Дождь мелкий, холодный и колючий. Искусственным цветам хоть бы хны – они только жирнее блестят: ярко-розовые, желтые, синие флоксы, белые лилии и невыносимо красные розы.

…большой памятник черного гранита видно издалека. На нем строгими золотыми буквами написано «Чердак Моисей Григорьевич». Сразу в памяти всплывает цитата из записных книжек Чехова: «Нет такого предмета, который не подошел бы еврею для фамилии». Потом подходишь ближе и видишь, что под этим памятником лежит и его жена Розалия Григорьевна, прожившая девяносто четыре года и пережившая мужа на шестнадцать лет, и их сын, Александр Чердак, про которого написано «погиб в боях за Родину на Волховском фронте». В сорок втором году погиб, в декабре. Двадцати лет от роду.
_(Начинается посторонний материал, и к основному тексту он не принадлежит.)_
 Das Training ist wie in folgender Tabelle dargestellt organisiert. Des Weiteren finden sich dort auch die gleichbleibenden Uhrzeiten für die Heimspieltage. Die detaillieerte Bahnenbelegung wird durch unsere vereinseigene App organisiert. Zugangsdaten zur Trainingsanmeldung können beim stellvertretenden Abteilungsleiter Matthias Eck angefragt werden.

И приписано «От безутешных родителей и родственников». И чеховская цитата куда-то… Из какого-то непонятного любопытства достаешь из кармана телефон и набираешь в поисковой строке «Чердак Моисей Григорьевич», и тут выясняется, что был Моисей Григорьевич почетным сотрудником госбезопасности. С девятнадцатого года служил в ВЧК, дослужился до майора, был начальником строительного отдела ГУЛАГа, а в тридцать восьмом был из НКВД уволен и работал в разных гражданских министерствах – даже начальником планового отдела Главэкскаватора министерства строительного, дорожного и коммунального машиностроения и… идешь себе дальше, не зная, что и думать.

…тропинки между могилами узкие, усыпаны еще прошлогодними серыми коричневыми мокрыми листьями, сквозь которые пробиваются на тонких зеленых стеблях голубые колокольчики пролесок. Их посадили внутри оградок, а они мало-помалу вышли за калитки и разбрелись по тропинкам.
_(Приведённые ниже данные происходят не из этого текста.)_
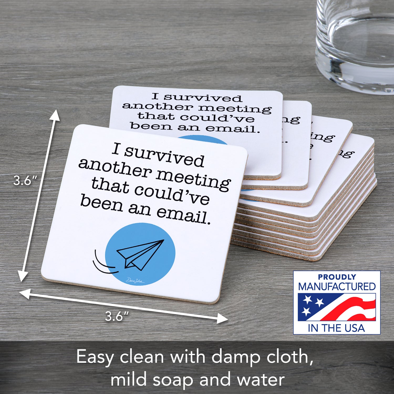 MEASUREMENTS- Coaster measures 3.6" x 3.6" x 0.15" square. Coasters are eco-friendly and reusable until soiled.
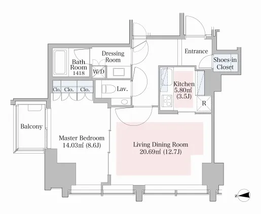 | 1102 | 1 Bedroom | 60.6m² | Rent | 450,000yen | 2months | None | 11th floor | |
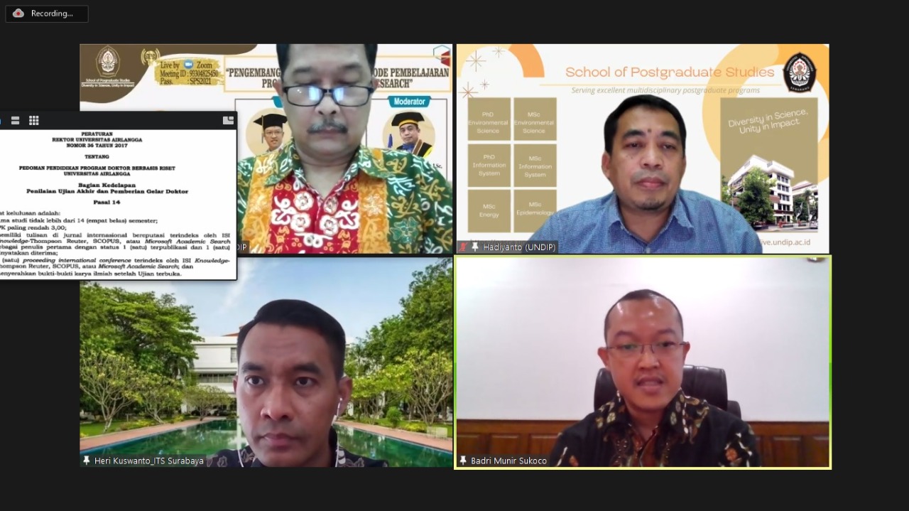 - Badri Munir , S.F. MBA, Ph.D – Direktur Sekolah Pascasarjana Universitas Airlangga dengan materi : Best practice Sekolah Pascasarjana UNAIR dalam pelaksanaan Program Pascasarjana by Research

…стены склепа розовые, но красили их в последний раз Бог знает когда. Краска местами вспучилась и отвалилась. Там, где не отвалилась, видны надписи, сделанные авторучками, фломастерами или процарапанные чем-то острым. Господи, сделай так, чтобы моя дочь снова была жива. Господи! Помоги стать матерью! Хочу иметь возможность помогать своим друзьям. Не дай Владе кануть в лету. Оля, отпусти! Аня, прилипни! Позволь мне добиться того, что я хочу. Помоги, Господи, продать два участка на поле по достойной цене. Кто все это прочитал – тот сдохнет.

…к памятнику на могиле Люсьена Оливье прислонен венок из пластмассовых лилий, лежит опрокинутая лампадка красного стекла и небольшая пластмассовая плошка с размокшими от дождя остатками салата в белых майонезных разводах. Миски эти меняют часто. Каждый раз кто-то приносит новый оливье с новым рецептом. На краю миски сидит нахальный воробей и выклевывает из миски слипшиеся красные икринки.

В метре от внушительного гранитного памятника Оливье лежит небольшая надгробная плита из позеленевшего от времени мрамора. На ней написано «Тереза Оливье». В обычной жизни ее звали просто Таней. Наверное, по созвучию имен. Назвали ее в честь матери, немки, умершей от родильной горячки. Дочь Люсьена Оливье, по отзывам современников, была красавицей, но личная жизнь ее не сложилась. Сватались к ней многие в надежде узнать рецепт знаменитого салата. Этих незадачливых искателей рецепта было видно сразу – более всего они старались понравиться самому Оливье, а самые глупые проговаривались на первом или даже на втором свидании. Впрочем, один раз Таню даже просватали за какого-то уланского ротмистра с преогромными пушистыми усами, душно пахнущими брокаровским одеколоном, но и тот, как только они остались наедине за столиком ресторана «Эрмитаж Оливье», вместо того чтобы говорить невесте комплименты, пристал к ней как банный лист с расспросами про ингредиенты и пропорции. После этого случая бедная Таня зареклась выходить замуж и… меньше чем через год стала женой еврея-аптекаря, которому до рецепта салата не было совершенно никакого дела. Его интересовали только рецепты лекарств. Целыми днями он пропадал в маленькой лаборатории, оборудованной в задней комнате своей аптеки, и изобретал то сиропы от кашля, то порошок от похмелья, то противозачаточные таблетки. Судя по тому, что Таня родила ему пятерых мальчиков и одну девочку, с таблетками у него так ничего и не получилось. Стал он мало-помалу выпивать и через год или два пропил аптеку вместе со всеми порошками, пузырьками и бланками рецептов. Тут Таня и пожалела, что рецепта отцовского салата она не знала. Полоумного аптекаря своего она любила и простила ему даже то, что пропил он большую серебряную салатницу, доставшуюся ей в наследство от отца. Да он долго на этом свете и не задержался – с похмелья выпил какой-то жидкости, оставшейся от опытов с сиропами от кашля, и отдал Богу душу. Осталась Таня одна с шестью детишками…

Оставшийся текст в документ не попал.